Duke Scientist Joins Gore, Google In Unveiling Ocean Resource
New layer highlights ocean resources, species and threats.
Monday, February 2, 2009
A Duke University researcher who’s one of the world’s top experts on using geospatial technology to map oceans and marine life played a key role in developing content for the new virtual mapping software, Ocean in Google Earth.
Pat Halpin, director of the Marine Geospatial Ecology Laboratory at Duke’s Nicholas School of the Environment, joined Eric Schmidt, CEO of Google, and a host of environmental news makers including former Vice President Al Gore, at the launch of the new software Monday at the California Academy of Sciences in San Francisco.
Ocean in Google Earth, online at http://earth.google.com/ocean, uses images obtained from satellite imagery, undersea photography and global information system 3-D technology to enable users to “dive” beneath the surface of the sea and explore the ecosystems, species and geologic features found there.

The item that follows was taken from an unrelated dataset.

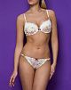 Трусики-стринг из эластичной принтованной ткани и эластичного кружева.Передняя деталь декорирована атласным бантиком.
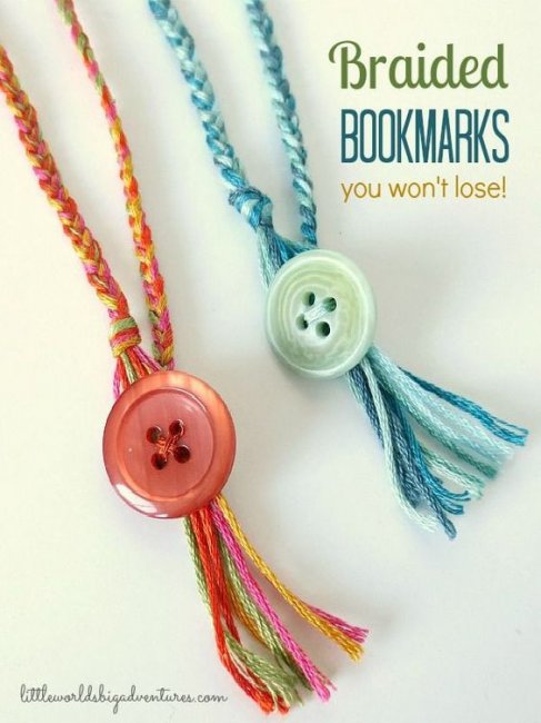 Нитка для вязания, заплетенная в косичку, и красивая пуговка — вот и новая закладка для любимой книги, которую очень просто сделать своими руками. На одном конце прикрепите пуговицу, а на другом сделайте петлю, чтобы "застегнуть" закладку.

“There’s an old expression: Out of sight, out of mind," Halpin says. "We don’t want that to happen to these amazing animals and places. By sharing these journeys through Ocean in Google Earth, we hope to provide a resource for scientists and students worldwide, and increase public awareness and appreciation of the need to explore and protect the world beneath the ocean’s waves."
The virtual journeys in the Census of Marine Life layer of Ocean in Google Earth give users glimpses of new life forms from some of the most remote and little-explored places on the planet, along with stories of the scientists who discovered them, Halpin says. Halpin served on Google’s advisory council as a representative of the Census of Marine Life, a network of researchers in more than 80 nations engaged in a 10-year scientific initiative to assess and explain the diversity, distribution and abundance of life in the oceans.
Navigating the Census content in Ocean in Google Earth, users come face to face with a collection of bizarre undersea creatures, including 50 species of Arctic jellyfish, a colossal sea star and Antarctica’s biggest amphipod. They can follow along as scientists explore sites such as the hottest hydrothermal vent ever discovered or a new ocean environment created by an ice shelf break the size of the island of Jamaica.
For the past year, Halpin oversaw the incorporation of images, geospatial data, maps, videos and narratives from Census explorations into 129 “virtual expeditions” accessible to the public through Ocean in Google Earth.
"This is just the beginning of what should be an expanding amount of content loaded onto Ocean in Google Earth from our group,” he adds.
Duke University Marine Geospatial Ecology Lab staff members Ei Fujioka and Ben Donnelly worked with Halpin to prepare the content for Google. They were assisted by Census of Marine Life staff members Sara Hickox, Darlene Crist and Jay Harding of the University of Rhode Island.